You don't have to read this, and if you do my pride, my ego, my care is all gone. Taken, sucked out over the last three years of my life. I sit here, drinking a whiskey and 7up, hoping that it can help to numb the numb. Pain is gone and I hope it to return. I sit here in my cell block crossing more and more off of the list of happiness and freedoms that I look forward to, and realizing that I'm not me, and you're not you. I thought that being back for almost half a year I would still be in good spirits. Instead, I'm lying to myself, and to you all. I'm not happy, especially with who I am.
I try and blame it on myself and get a rise of motivation to change, but more and more that becomes impossible. I sit and think, and drink and realize more and more that it's not me. It's not me who's made my life extremely miserable. It's not me who's taken all the fun out of anything and everything I do. It's the constant crash of the Army wave on my shore, never allowing a re gripping of my soil and washing me further and further out into the sea. The sea of despair and utter hopelessness. I try and stay optimistic, but optimism turns quickly and unconsciously towards ignorance.
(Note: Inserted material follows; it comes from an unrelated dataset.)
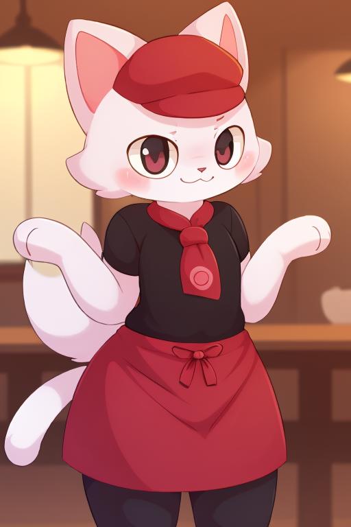 Pokémon Café Mix uniform prompt: red neckerchief, red apron, cabbie hat, red headwear.

How long has it been since I've truly been happy? Not with relationships that have nothing to do with work, or in the so called 'honey-moon' of redeployment? A year of bullshit looking back had one thing going for it above this half a year in garrison. The prospect of dying. I know that sounds a little odd, but it gave you something worth living for. Life. With all the bullshit and the politics and the stupidity in Iraq at least we had our lives to look forward to. But this place, Fort Bragg, in the time and now, no threat of roadside bombs or snipers. What does it hold? What promise does it have? What wind can it blow into my sails and the other thousand miserable folks who endeavor the insufferable loins of this place? It holds nothing.
Firstly, the time taken away is constant. Enough time is devoted to work, that even if it were given to the highest maintenance wife, she would be sick of it. Early calls, and late nights only to be interrupted by the two precious days that are supposed to be called a weekend. Training and training and even more late work, and 24 hour duties and 3 am wake up calls, and last minute Saturday training or work, and this and that, and everything under your hat. It gets to a point that you get back to your 8x16 room and wonder if prison wouldn't be better- or at least as good as this.
The beer and the booze of Friday and Saturday nights doesn't seem to put a dent into the gut wrenching feelings that Sunday morning hangovers bring as you realize that it's your last day. Last day before the work week. Monday mornings are even worse and they come with anxiety attacks and sometimes vomit. You look around at everyone else coming in at the grueling morning hours, and they aren't just tired, they're miserable too. You try and just tell yourself that you're projecting, but you get to talking and no one is happy. No one wants to be here. No one wants to jump into the grinder everyday to get turned up and chucked out with not so much as even a thanks at the end of the day. We just get to hear the "I Love Me" speeches and the word Nigger inappropriately stated once or twice at 7pm on Friday evenings and then are expected not to drive drunk, or jump out of a fourth story window. Don't say I told you so when the next big shooting in America happens in a little place called 2 P.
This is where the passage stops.